Work to complete -> Starting at the first entry below, repeat all the data word for word and drop the pictures.

Source information ->

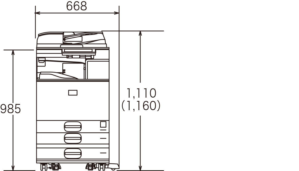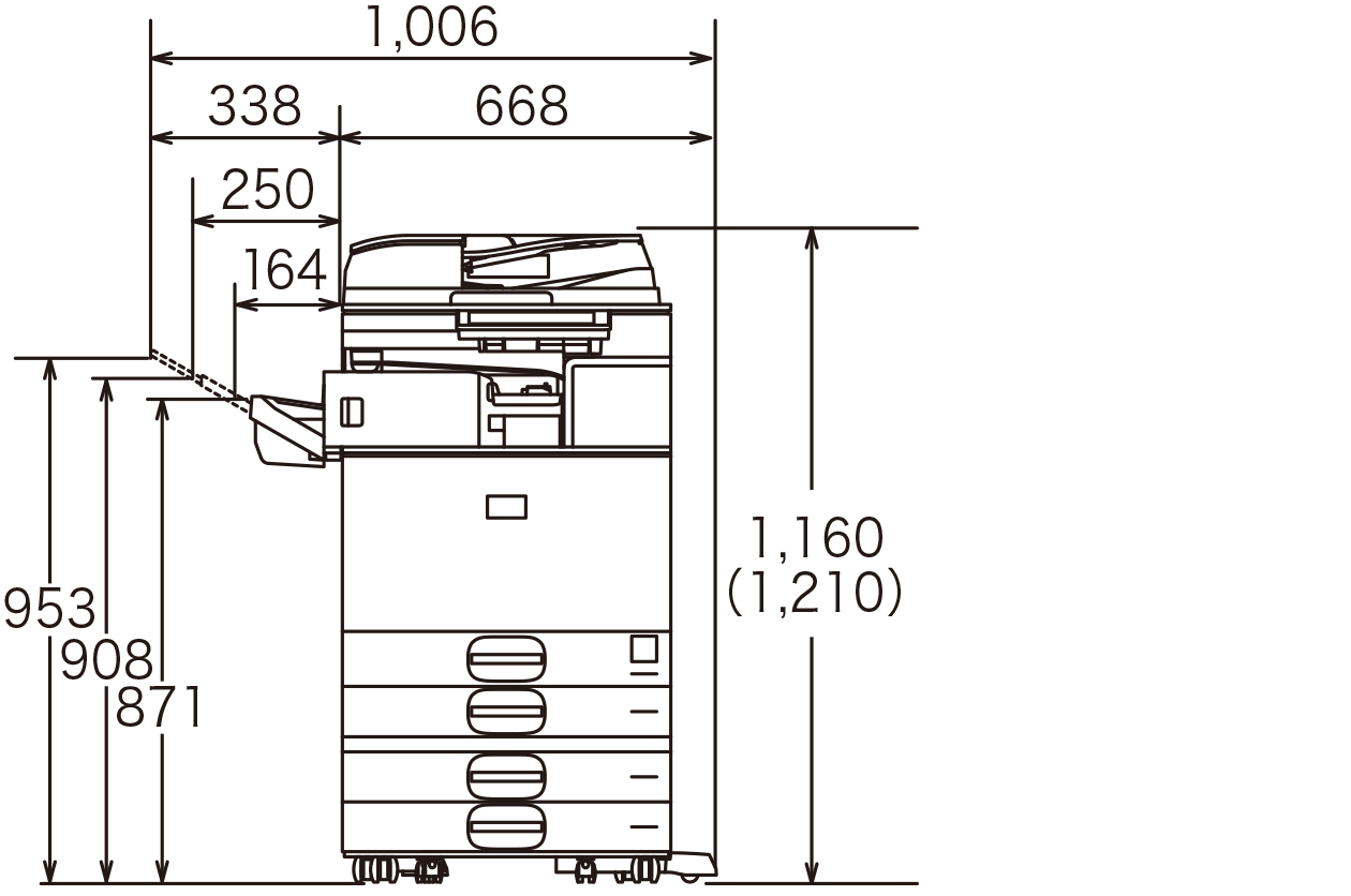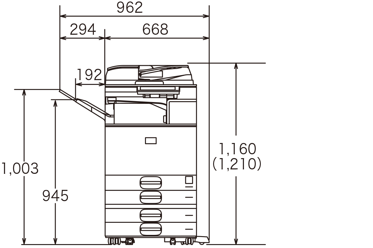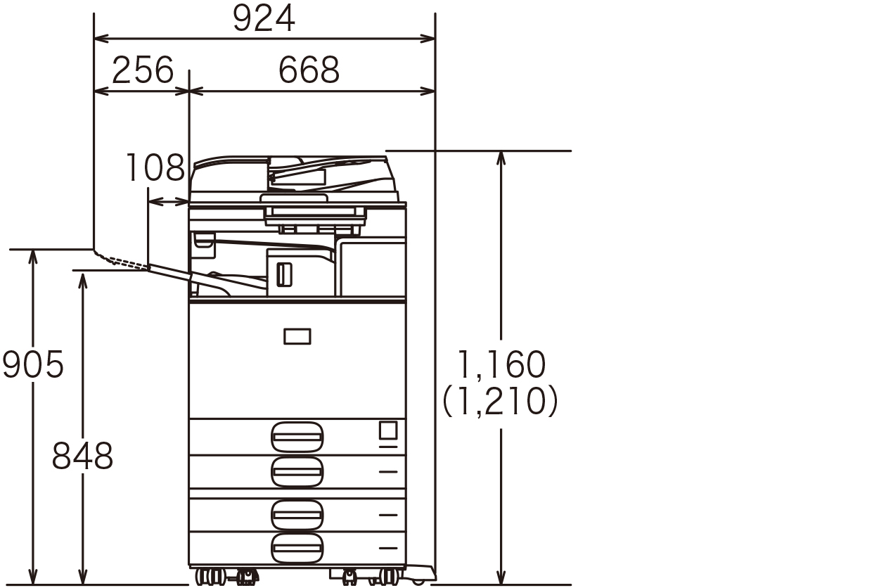 手差しトレイ開放、手差し延長トレイ開放、本体排紙受け開放時。奥行きは操作部を床に水平な状態から90度回転させた場合。
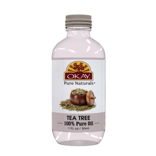 OKAY Pure Naturals Pure Tea Tree Oil 1oz (30ml) is a natural antiseptic essential oil derived from the Melaleuca Alternifolia tree. Ideal for treating acne, dandruff, and minor skin irritations.
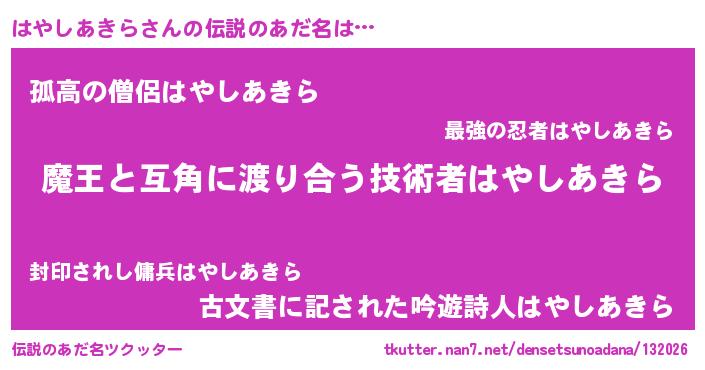 | ヒーロー風カッコイイあだ名 | 『愛の使者はやしあきら』『仮面ハヤダー』 |
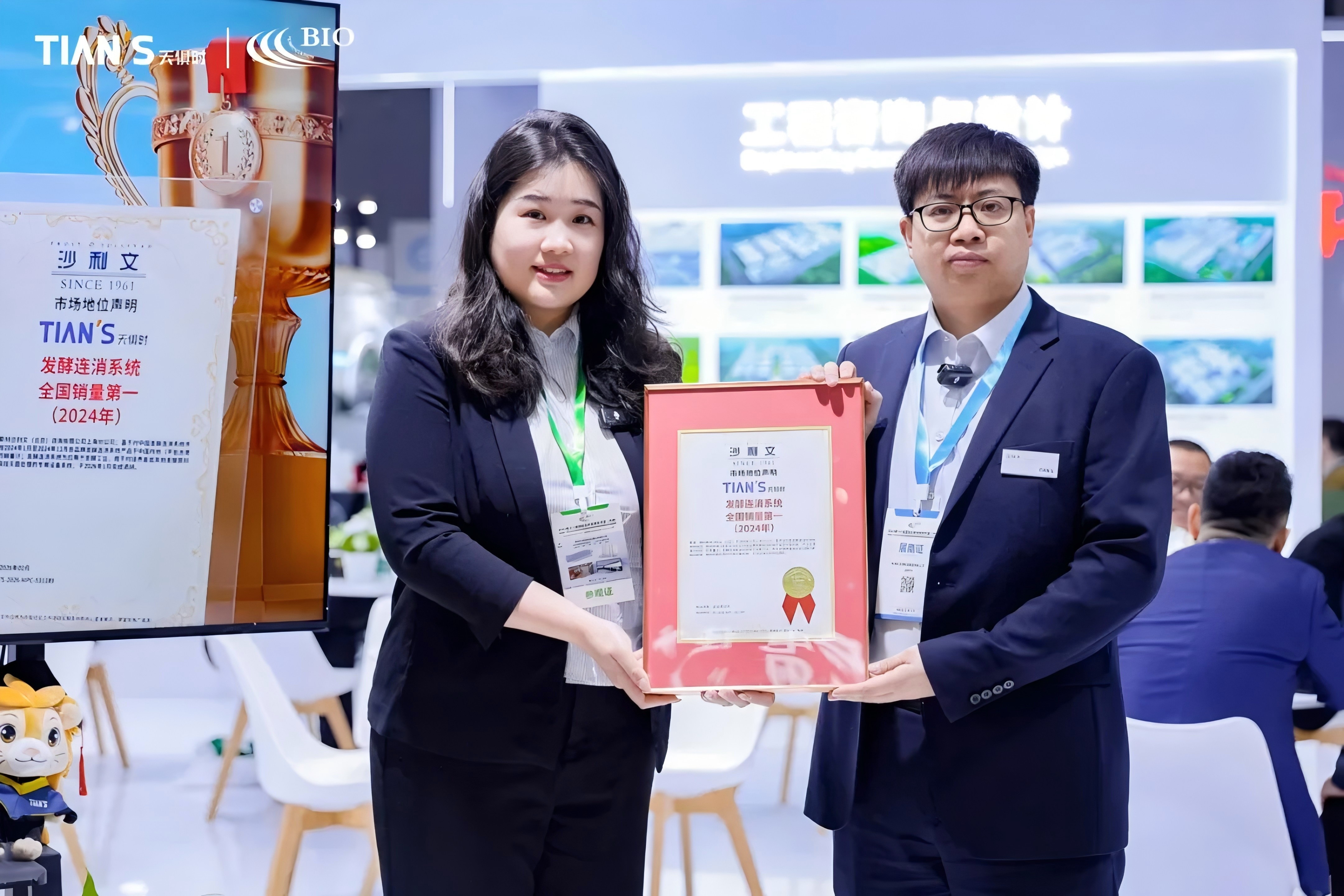 3月9日上午,在天俱時集團展位上,弗若斯特沙利文大中華區醫療行業首席分析師孫榕正式向天俱時集團副總裁田林升頒發“發酵連消系統全國銷量第一”證書。
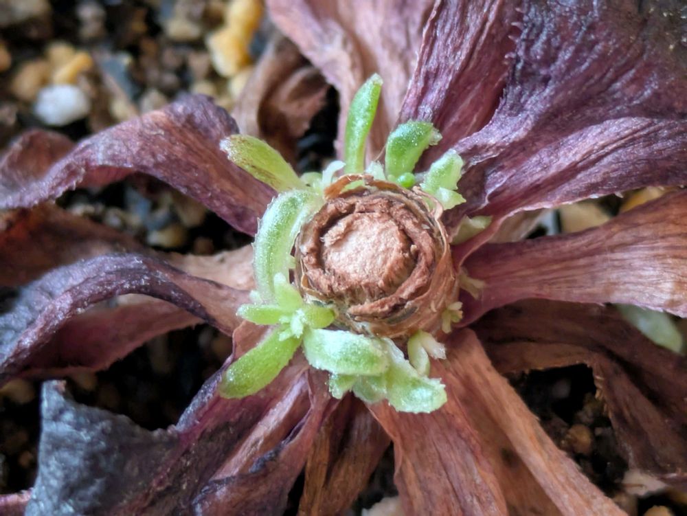 2枚目はアエオニウムのブラックキングコング 2月にカットしたあと 残りの葉っぱは枯れてしまったので放置していたら緑の物が見えだしたので お水をあげるようになったら成長してきたようです 捨てないでよかった😊
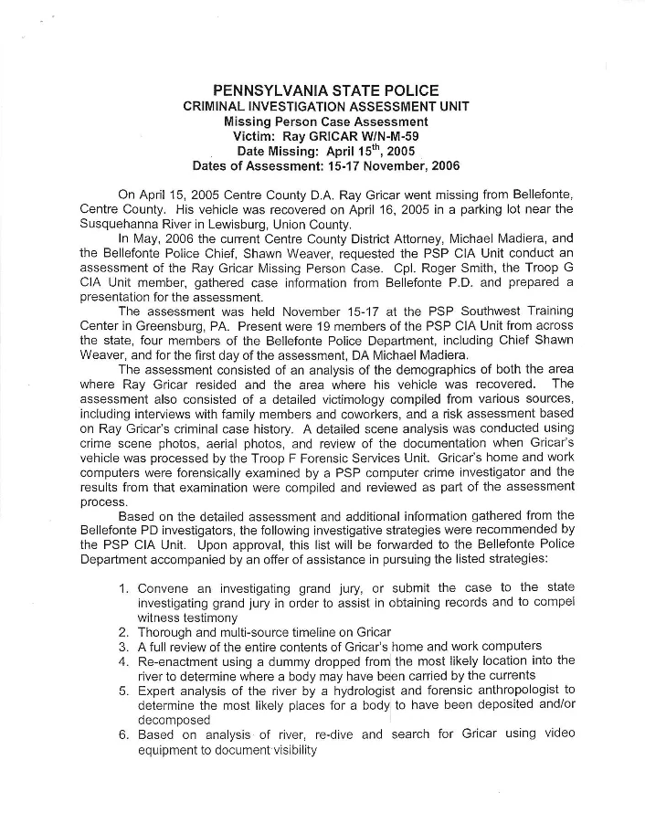 I assume the Centre County prosecutors office conducts regular audits of their finances. If Gricar was involved in anything illegal, it would have turned up in an audit.
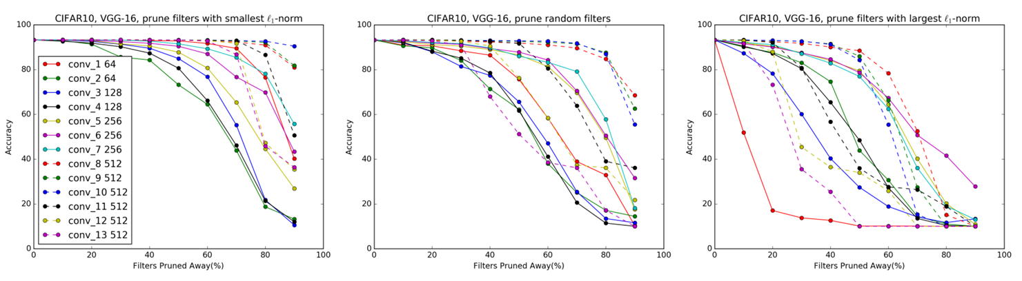 또한 l1-norm을 기준으로 작은 순서대로 필터를 제거했을 때, 랜덤하게 제거했을 때, 큰 순서대로 필터를 제거했을 때의 정확도를 비교한 결과도 제시합니다.
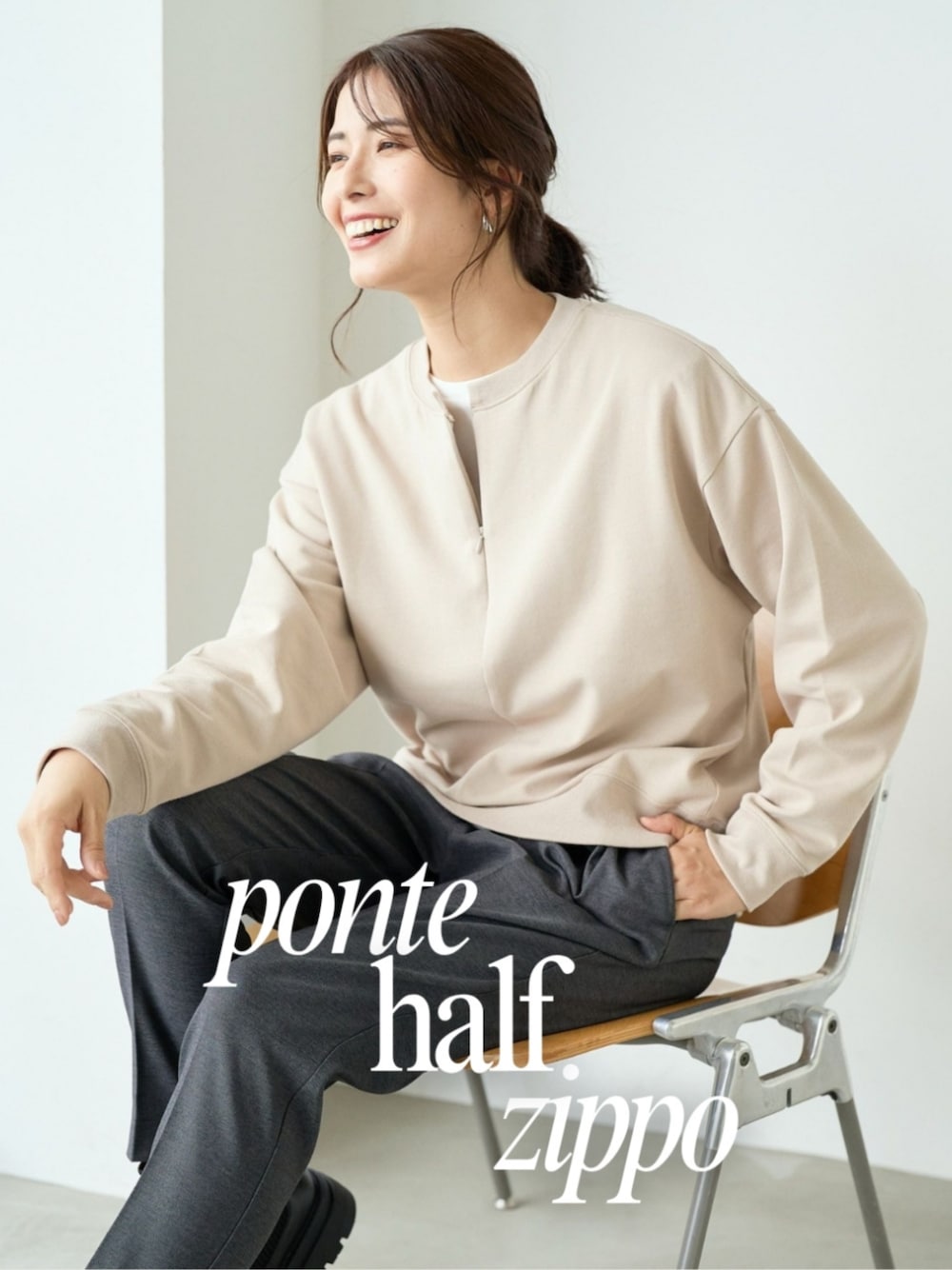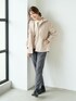 キーネック見えする胸元は抜け感+おしゃれな仕上がり。
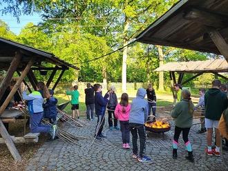 Nach dem Abendbrot zündeten wir ein Lagerfeuer an und backten leckere Stockbrote.
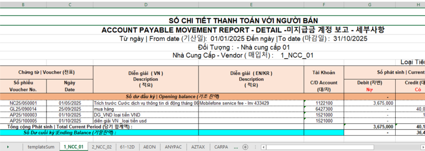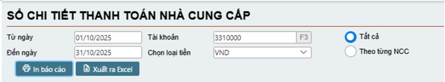 ### 2.1.1 Sổ chi tiết thanh toán nhà cung cấp

Completed task ->
 手差しトレイ開放、手差し延長トレイ開放、本体排紙受け開放時。奥行きは操作部を床に水平な状態から90度回転させた場合。
 OKAY Pure Naturals Pure Tea Tree Oil 1oz (30ml) is a natural antiseptic essential oil derived from the Melaleuca Alternifolia tree. Ideal for treating acne, dandruff, and minor skin irritations.
 | ヒーロー風カッコイイあだ名 | 『愛の使者はやしあきら』『仮面ハヤダー』 |
 3月9日上午,在天俱時集團展位上,弗若斯特沙利文大中華區醫療行業首席分析師孫榕正式向天俱時集團副總裁田林升頒發“發酵連消系統全國銷量第一”證書。
 2枚目はアエオニウムのブラックキングコング 2月にカットしたあと 残りの葉っぱは枯れてしまったので放置していたら緑の物が見えだしたので お水をあげるようになったら成長してきたようです 捨てないでよかった😊
 I assume the Centre County prosecutors office conducts regular audits of their finances. If Gricar was involved in anything illegal, it would have turned up in an audit.
 또한 l1-norm을 기준으로 작은 순서대로 필터를 제거했을 때, 랜덤하게 제거했을 때, 큰 순서대로 필터를 제거했을 때의 정확도를 비교한 결과도 제시합니다.
 キーネック見えする胸元は抜け感+おしゃれな仕上がり。
 Nach dem Abendbrot zündeten wir ein Lagerfeuer an und backten leckere Stockbrote.
 ### 2.1.1 Sổ chi tiết thanh toán nhà cung cấp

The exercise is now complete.